Note that in the above step, we have internally cached ByteString
to
avoid re-reading files. But we still parse ByteString
to yaml’s
AST
each time. But we can avoid this by directly caching the parsed yaml
value instead of ByteString
. So our fsCacheFile
field becomes like
this:
fsCacheFile :: (IORef (HM.HashMap CacheFileKey Value))
Let’s do the required changes in fetchData
to make it typecheck and
run the benchmarks again:
benchmarked Email benchmark/single email
time 166.0 μs (165.7 μs .. 166.3 μs)
1.000 R² (1.000 R² .. 1.000 R²)
mean 164.4 μs (164.1 μs .. 164.7 μs)
std dev 1.134 μs (950.7 ns .. 1.449 μs)
benchmarked Email benchmark/thousand emails
time 1.345 ms (1.342 ms .. 1.347 ms)
1.000 R² (1.000 R² .. 1.000 R²)
mean 1.337 ms (1.335 ms .. 1.339 ms)
std dev 6.066 μs (5.098 μs .. 7.473 μs)
benchmarked Person benchmark/single person
time 13.13 ms (12.73 ms .. 13.56 ms)
0.997 R² (0.995 R² .. 1.000 R²)
mean 12.75 ms (12.69 ms .. 12.89 ms)
std dev 235.8 μs (70.84 μs .. 386.1 μs)
benchmarked Person benchmark/10 persons
time 24.07 ms (23.76 ms .. 24.45 ms)
0.999 R² (0.998 R² .. 1.000 R²)
mean 24.61 ms (24.46 ms .. 24.78 ms)
std dev 371.9 μs (270.4 μs .. 507.5 μs)
Now this has improved things drastically. For generating thousand emails, the time taken has improved by 97% and the code now takes around 2.6% of the original time it was taking. So, it seems the real bottleneck was parsing the values again and again! Our optimization above makes sure that we don’t read and parse the file more than once.
Now, we can optimize this further by additional caching of individual
fields with the yaml so that we don’t have to traverse the entire AST
again if we have already accessed it once. Let’s add one more caching
field in FakerSettigns
:
fsCacheField :: (IORef (HM.HashMap CacheFieldKey (Vector Text)))

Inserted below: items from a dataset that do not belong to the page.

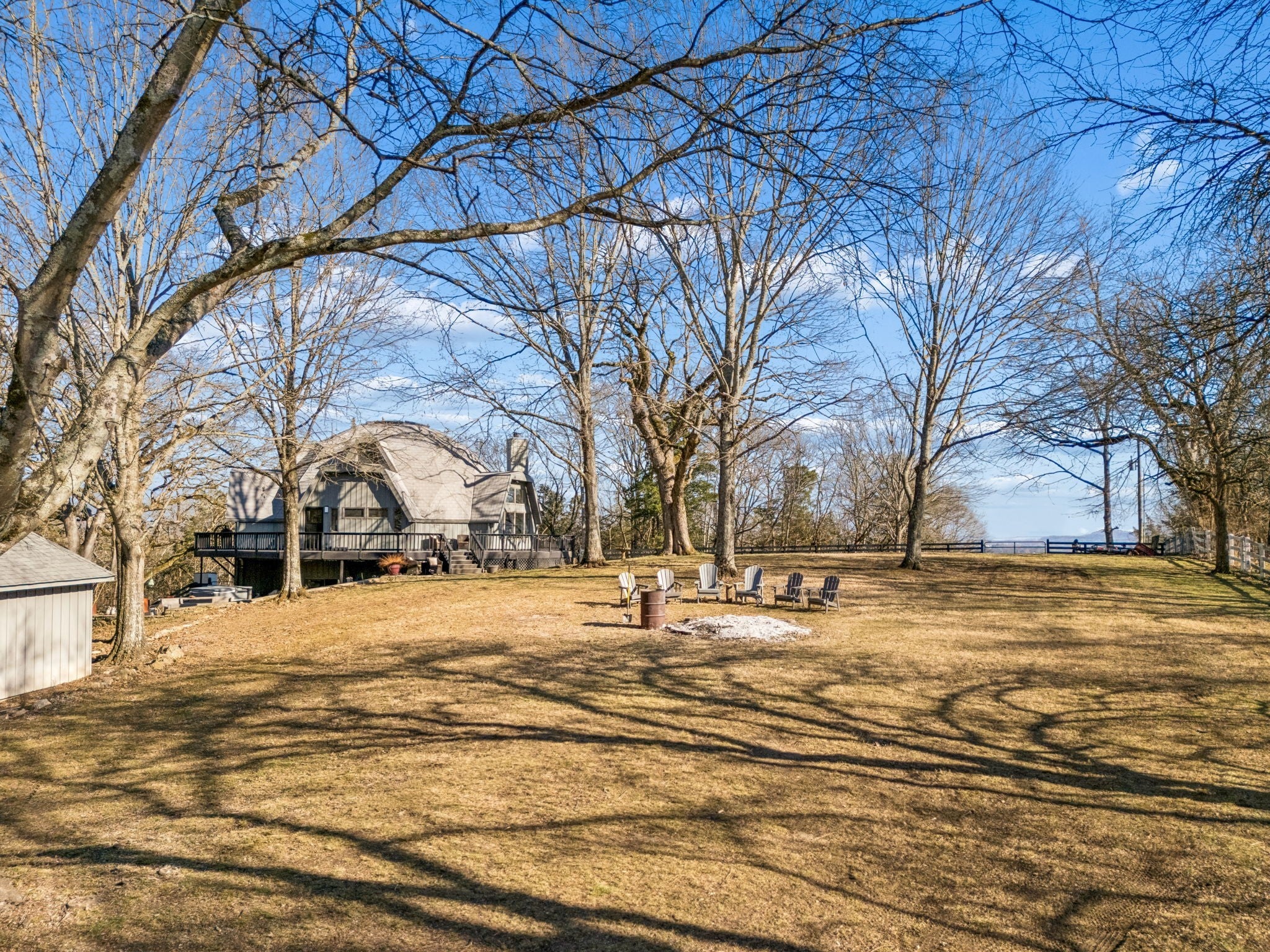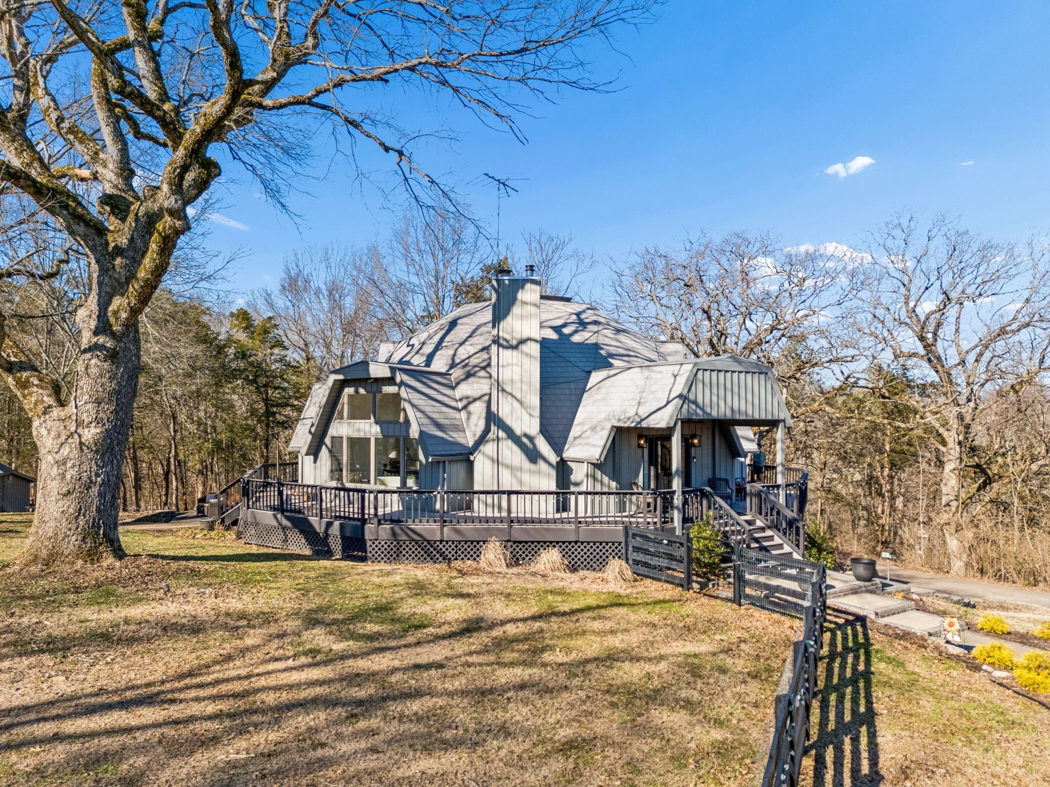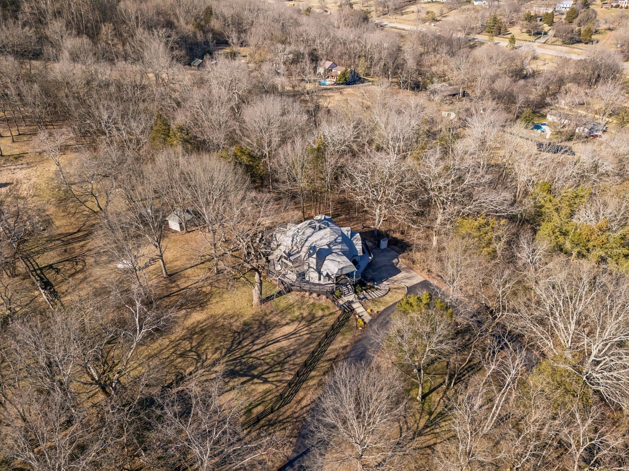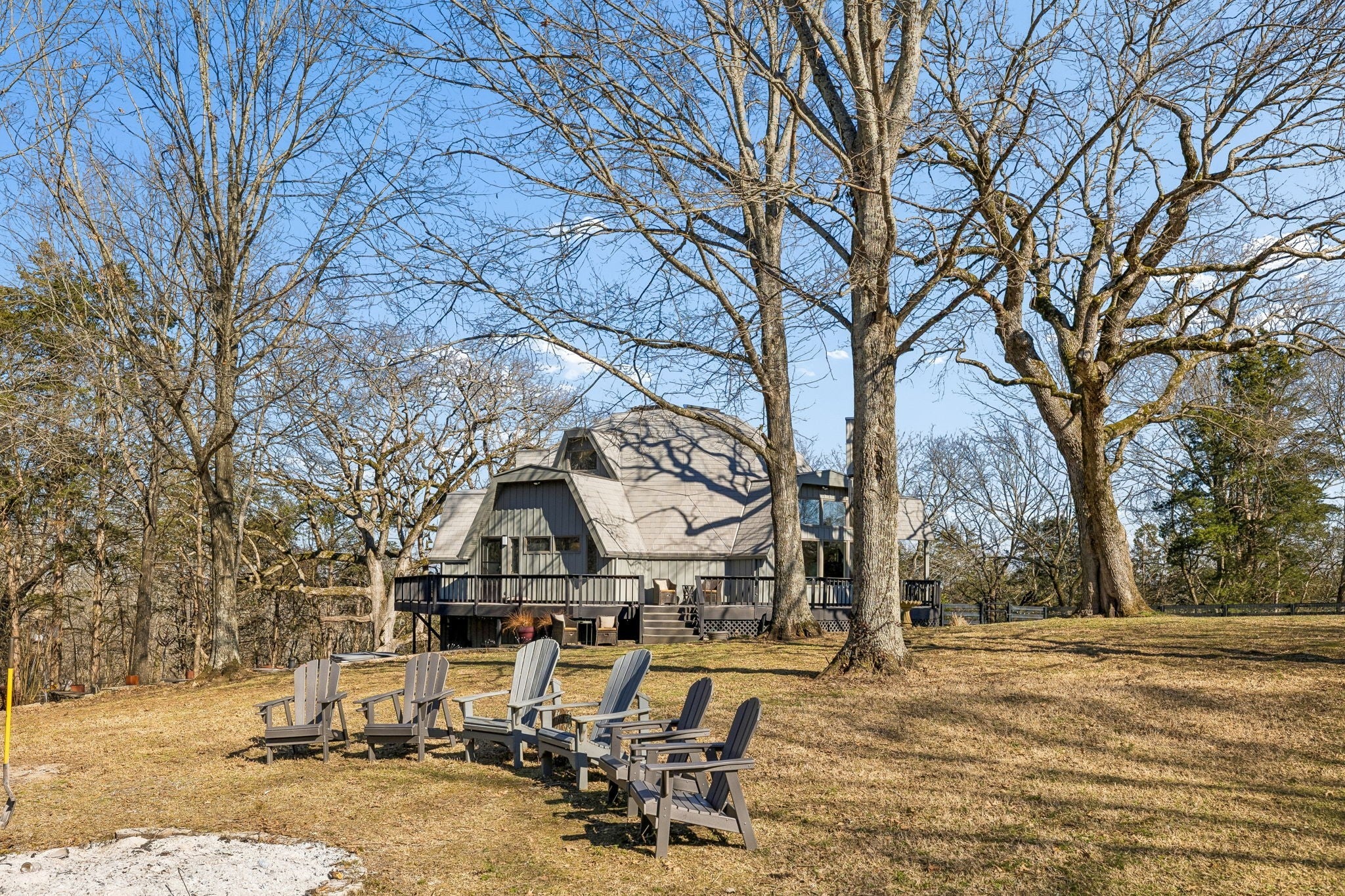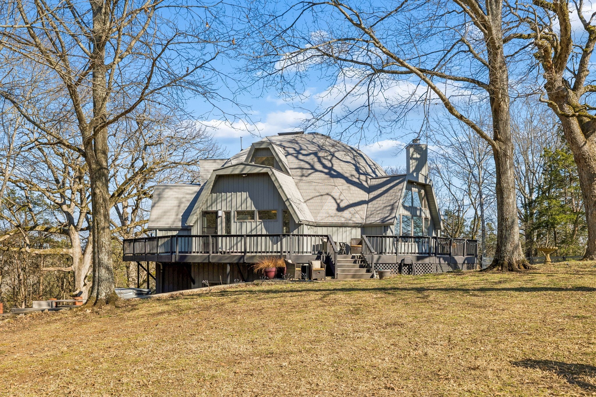 Tucked away on 5 private acres in the heart of Leipers Fork, this rare and architecturally striking geodesic dome home offers the perfect blend of privacy, sustainability, and convenience. Located less than 5 minutes from Leipers Fork Market, Westhaven, restaurants, shopping, and medical offices—and just a short drive to Franklin—this property delivers peaceful country living without sacrificing accessibility. Perched atop a scenic hill with beautiful views, the thoughtfully updated home spans nearly 4,300 square feet across three levels with 3 bedrooms, multiple flex spaces, and a fully finished walkout basement. Natural light floods the interior, highlighting the dome’s distinctive architecture and creating a space that feels like a private retreat. The main level features a welcoming living room with fireplace, updated kitchen with hidden pantry and coffee bar, spacious primary suite, and oversized laundry room. Upstairs offers two bedrooms and a loft ideal for a reading nook or creative workspace. The walkout basement provides exceptional flexibility with a second living area and fireplace, kitchenette, and two flex rooms perfect for a home office, guest quarters, gym, or studio—ideal for multigenerational living or Airbnb potential. Outdoor living truly sets this property apart: a wraparound weatherproof deck, hardscape patio for al fresco entertaining, and a fire pit tucked among the trees for star-filled Tennessee nights. The grounds include a gardening shed, chicken coop, and dedicated garden area utilizing reclaimed water—perfect for homesteading enthusiasts. Energy efficiency meets innovation with geothermal heating and cooling, significantly reducing utility costs while supporting a more sustainable lifestyle. A one-of-a-kind Leipers Fork home offering acreage, views, modern updates, income potential, and eco-conscious features—this is elevated Tennessee living at its finest.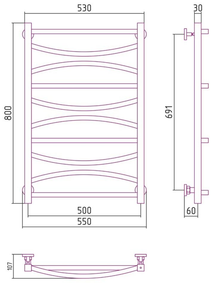 Полотенцесушитель водяной Сунержа Ажур, ширина 50 см высота 80 см, нижнее подключение, хром, 00-0255-8050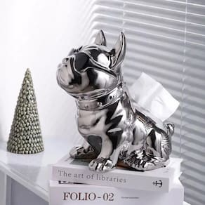 Adicione um pouco de personalidade e glamour à sua mesa com este elegante e divertido porta-guardanapo em forma de bulldog, disponível nas sofisticadas cores prata e dourado.

Now we need to modify the randomVec
function to check for the field
and use that if it’s present. Implementing the above logic gave a
slight performance boost:
benchmarked Email benchmark/single email
time 170.3 μs (169.4 μs .. 171.4 μs)
1.000 R² (0.999 R² .. 1.000 R²)
mean 169.3 μs (168.6 μs .. 170.1 μs)
std dev 2.401 μs (1.870 μs .. 3.800 μs)
benchmarked Email benchmark/thousand emails
time 456.3 μs (449.6 μs .. 468.0 μs)
0.998 R² (0.995 R² .. 1.000 R²)
mean 457.2 μs (455.3 μs .. 460.6 μs)
std dev 8.188 μs (5.352 μs .. 14.22 μs)
benchmarked Person benchmark/single person
time 13.59 ms (13.05 ms .. 13.98 ms)
0.997 R² (0.995 R² .. 1.000 R²)
mean 13.30 ms (13.20 ms .. 13.44 ms)
std dev 293.2 μs (207.5 μs .. 379.5 μs)
benchmarked Person benchmark/10 persons
time 22.28 ms (21.78 ms .. 22.86 ms)
0.996 R² (0.988 R² .. 0.999 R²)
mean 23.23 ms (22.98 ms .. 23.62 ms)
std dev 734.1 μs (464.7 μs .. 1.190 ms)
All these fixes have made into fakedata-0.3.0. One another potential
improvement which we can make is using the random number generator
from the splitmix package
instead of using StdGen
present in the random
package. According
to the benchmark reported by the package, it seems to be around 96%
faster than the random package. But when I tried to port it, I was hit
with this bug which
stopped me from further experimenting it. And that was our entire
workflow for improving the performance of the library.